This content has not been validated; it was AI-generated following the x86-64 ISA Documentation generation process to maintain high quality. However, as no human has verified this data, errors may exist. If the accuracy of this data is critical, please consult the Intel SDM. The model used to generate this is gemma4:31b
PHSUBSW
Subtracts packed signed 16-bit integers from the destination operand and horizontally adds the resulting values into the lower 16-bit signed integer of each 64-bit lane. The operation processes the elements of the source and destination operands, performs a subtraction, and then performs a horizontal addition of the two 16-bit results within each 64-bit quadword.
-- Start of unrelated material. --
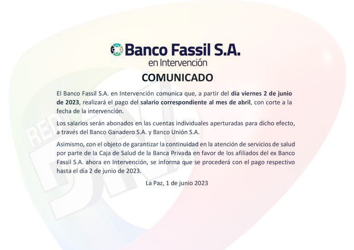 #ULTIMO Banco Fassil comienza a pagar sueldos con corte a la fecha de intervención desde este viernes 2 de junio
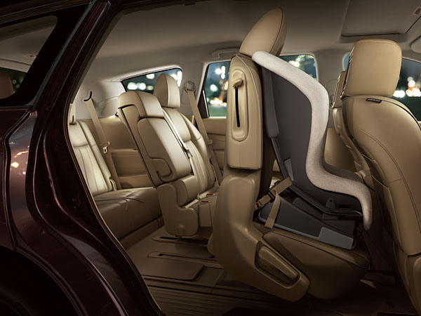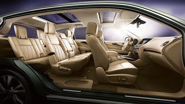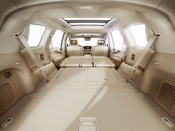 行李箱空間上,七人座滿載時JX仍擁有447公升,在五人座時更擁有達1277公升的充裕置物空間,若有裝載大型物品的需求,INFINITI JX也能輕鬆將第二、三排座椅傾倒,提供達2166公升的寬闊行李廂空間。

The following table covers what the source and destinations can be:
| source | destination(s) |
|---|---|
| xmm | xmm |
| m128 | xmm |
DO NOT support LOCK
This instruction is available in 64-bit mode and 32-bit mode. It requires the SSE3 instruction set extension to be supported by the processor.
The result of the horizontal subtraction and addition is stored in the lowest 16 bits of each 64-bit element of the destination xmm register; the upper 16 bits of each 32-bit element within the 64-bit lane are cleared. The operation performs signed arithmetic; therefore, users MUST ensure that the input values are treated as i16 to avoid logic errors. Overflow in the horizontal addition is ignored, and the result is wrapped according to two's complement rules.